NASA spacecraft completes farthest flyby in history.

Facts:

  • NASA’s New Horizons probe flew by a small lump of rock and ice called 2014 MU69, also nicknamed Ultima Thule, it’s now the most distant, and most primitive, place ever visited by humans.
  • One mystery the New Horizons hope to resolve is whether MU69 is a single body (as seen in the artist’s concept above) or two bodies that are close together or even touching.

About New Horizon Mission:

  • The New Horizons spacecraft launched on January 19, 2006 – beginning its odyssey to Pluto and the Kuiper Belt.
  • New Horizons was the first mission to Pluto, completing the space-age reconnaissance of the planets that started 50 years earlier.
  • It was also the first mission to explore the solar system’s recently-discovered “third zone,” the region beyond the giant planets called the Kuiper Belt.

Significance:

  • The Kuiper Belt is a scientifically rich frontier. Its exploration has important implications for better understanding comets, small planets, the solar system as a whole, the solar nebula, and disks around other stars.
  • New Horizons will approach Ultima Thule three times closer than it came to Pluto, resulting in even more detailed pictures and other kinds of data.
  • The spacecraft will obtain the first high-resolution geological and compositional maps of a small Kuiper Belt object (KBO), while conducting sensitive searches for atmospheric activity, satellites and rings.
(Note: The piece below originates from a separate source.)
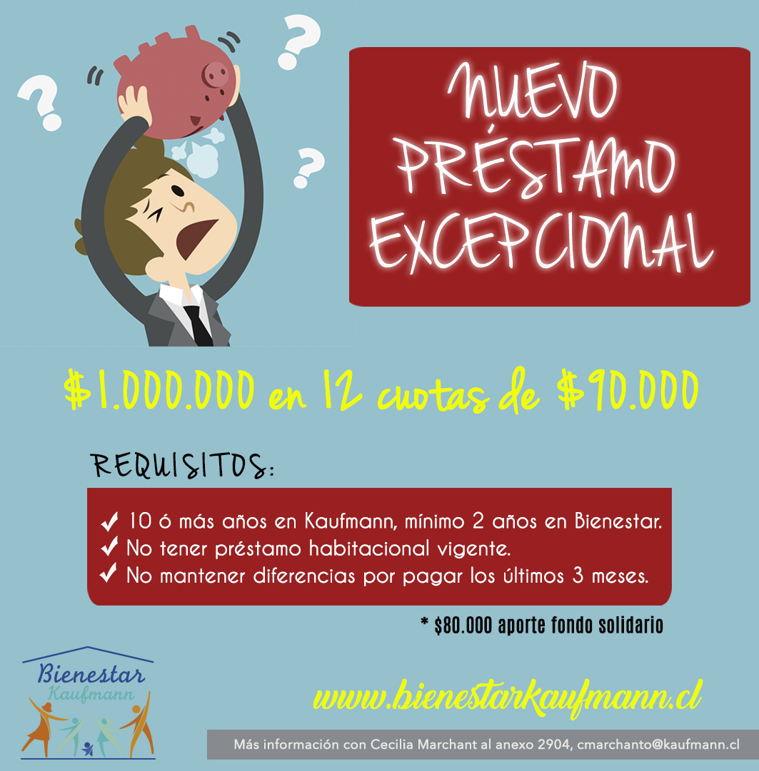Para solicitar envía un mail a Daniela Osses dosses@kaufmann.cl (antes de las 16 hrs.), este préstamo lo depositamos en tu cuenta bancaria el mismo día en que lo solicites.
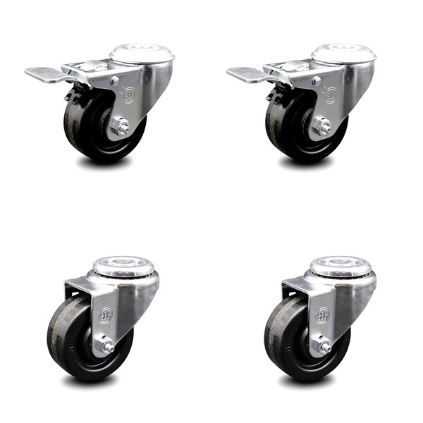 3 Inch Phenolic Wheel Swivel Bolt Hole Caster Set with 2 Total Lock Brake SCC

The New Horizons Kuiper Belt Extended Mission.

  • Is much more than the close flyby of Ultima Thule. The mission also takes advantage of the unique capabilities of New Horizons as an observation platform in the Kuiper Belt to study dozens of other KBOs in multiple ways that can’t be done from Earth.
  • New Horizons also will make groundbreaking measurements of dust and the heliosphere plasma environment across the Kuiper Belt.